# Bachlauf/Wasserfall/Teich auf einer Dachterrasse?



## faulwurf (19. Apr. 2007)

Hallo zusammen!

Ich habe leider keinen eigenen Garten aber dafür eine recht große Dachterrasse mit den Ausmaßen 6x6m. Ein kleiner Teich mit Wasserlauf oder Wasserfall würde mir schon sehr gefallen - leider fehlt mir wie gesagt der passende Garten.

Hat jemand von Euch eine Idee oder eigene Erfahrungen wie man so etwas auf einer Terrasse umsetzen könnte? Ist es möglich einen kleinen Teich anzulegen der auch optisch vernünftig aussieht? Ich müsste ja leider alles über "0" aufbauen, weil ich kein Loch graben kann.

Im Ganzen sollte das Projekt eine Fläche von 2x2m oder eventuell 2x4m nicht überschreiten.

Wenn jemand eine Idee hat oder so etwas Ähnliches schon mal gemacht hat, her damit! Vielen Dank.

Gruss
Markus


----------



## Steingarnele (19. Apr. 2007)

*AW: Bachlauf/Wasserfall/Teich auf einer Dachterrasse?*

Hallo Markus,

erst mal Herzlich Willkommen hier im Forum.  

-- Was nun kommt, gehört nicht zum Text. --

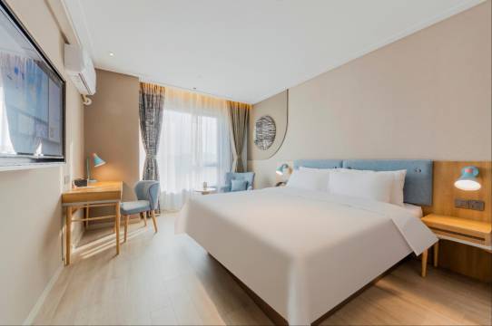 房间大小刚好一个人住,大床一边靠墙,拉开窗帘阳光就能撒满床铺的感觉太棒了!步行到江边和商业区也很快,退房的时候才发现楼下百果园隔壁就有一家安静的咖啡店👍步行可到的西餐厅也非常棒。

Ich hab ja kein Plan aus was der Boden deiner Terrasse ist, aber Beton muss es bei deinem Vorhaben schon sein. Ich hab sowas auch, nur eben als Pflanzenfilter für den Teich. Welcher sich auf dem Dach der Garage 6x6m befindet, und auch einiges an Last mit sich bringt!  
Schau dich mal durch meine Galerie -> https://www.hobby-gartenteich.de/gallery/browseimages.php?c=137&userid=


----------



## Holger1969 (19. Apr. 2007)

*AW: Bachlauf/Wasserfall/Teich auf einer Dachterrasse?*

hallo markus,

erstmal herzlich willkommen hier im forum.
also rein von der statik her, dürfte es kein problem sein, ein wasser(doppel)bett 2x2m ( matrazenhöhe ca. 20cm ) wiegt ca. 450-500kg je nach dem wie viel wasser befüllt wurde. ein einigermaßen modernes haus kann eine deckenlast von bis zu 500kg/m² tragen, d.h., dein teich könnte auf einen m² eine wasserhöhe von 50cm haben. dies wirst du eh nicht realiseren können. ich denke eine tiefe von 20-30cm wäre ohne probleme machbar.
vergiß aber nicht deine vermieter, und wenn es deine wohnung ist die eigentümer unter dir, um erlaubnis zu fragen  

Übrigens, ist sicherlich auch ratsam mit deiner versicherung darüber zu sprechen. könnte mir vorstellen, dass die versicherungsprämie enorm steigt


----------



## faulwurf (24. Apr. 2007)

*AW: Bachlauf/Wasserfall/Teich auf einer Dachterrasse?*

Ich habe mit meinem Vermieter gesprochen und es ist leider nicht möglich die Terrasse stark zu belasten. Es ist im Prinzip ein Flachdach mit Teerpappe und darauf eine Konstruktion mit Bodenplatten. Wie auch immer, ein großer Teich mit 500 kg/m² ist absolut nicht möglich.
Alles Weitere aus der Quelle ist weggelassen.